Last night a good friend had her first solo show. Usually a scary thing that requires a bit of bravery all by itself, this show was doubly hard as it was days after her father had passed away suddenly a week or so after Thanksgiving. I’m pretty sure I couldn’t have done it. The only other option would have been to cancel and I am sure her Father would not have wanted her to do that. There really was no choice. She had to go on.
Too make the night even harder, there they were…her entire family in the front row. At times, they were comforting each other. At times, they were so over come, they had to leave the room all together. The performance space is intimate and fairly bright, so not only could the audience witness this play within a play, but so could the performer. How did she not break down? Oh a few times, we heard the voice crack, but she kept it together. With sheer will and determination, God, that was one tough broad!

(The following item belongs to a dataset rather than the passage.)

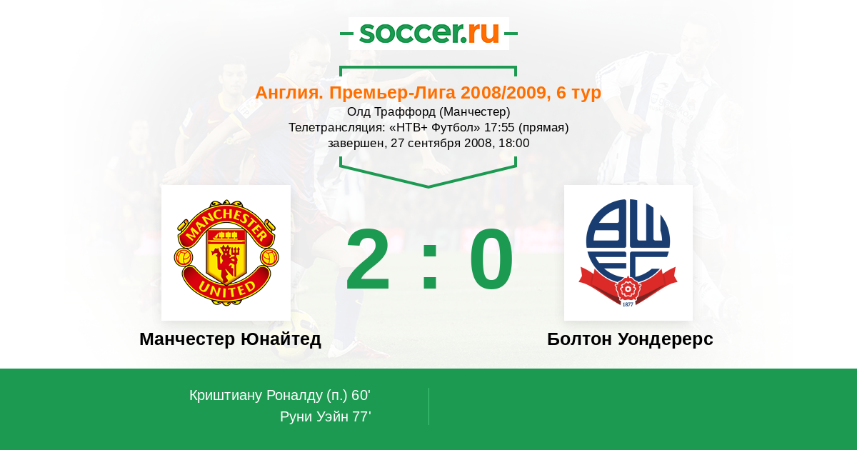 Протокол матча Манчестер Юнайтед против Болтон Уондерерс

I couldn’t have done it, I’ll say it again. I joked afterwards, and thought about my family in the front row. “If I heard even a sniffle out of my Mom, I would have stopped the show and made her move into the dark, where I couldn’t see or hear her for the rest of the performance.” But, in reality, I would want her that close. To be that naked and not have that unconditional love staring up at you, sharing in your pain…I can’t imagine the loneliness that you would have felt. And yet, to see the mixture of proud, strength, love, grief, anger…all of those things on my Mother’s face. I would have had problems not looking at her the entire time. Wanting to make sure she was ok. That it was not too much for her. Everyone else in the room would have faded away. But, that didn’t happen.
My friend reached new places in her music. Showing us heart in more of her tunes that before. She lived in the lyrics, found depth in the words and wanted us to feel what she was feeling. When it was time for an up-tempo, you felt the lightness come into her bones and her face. When it was time for a ballad, you were taken to her pain and lived there with her for 3 minutes.
In the last few weeks, as I have been getting my own spring show off the ground, I’ve thought a lot about the importance of what I do and who I do it for. And yeah, I bring a little joy and lightness to people…especially now with everything being so scary in the world. But, maybe I do this a lot for myself, too. Look at all of the wonderful things that my friend received last night. She was bathed in love, from family and friends. She got to express her feelings in song, sharing her talents with a room full of supportive fans. She gave her gift to her family and to the memory of her father’s love. And she impressed me with her true bravery, humility and humanity, at a time of huge grief. I applaud her.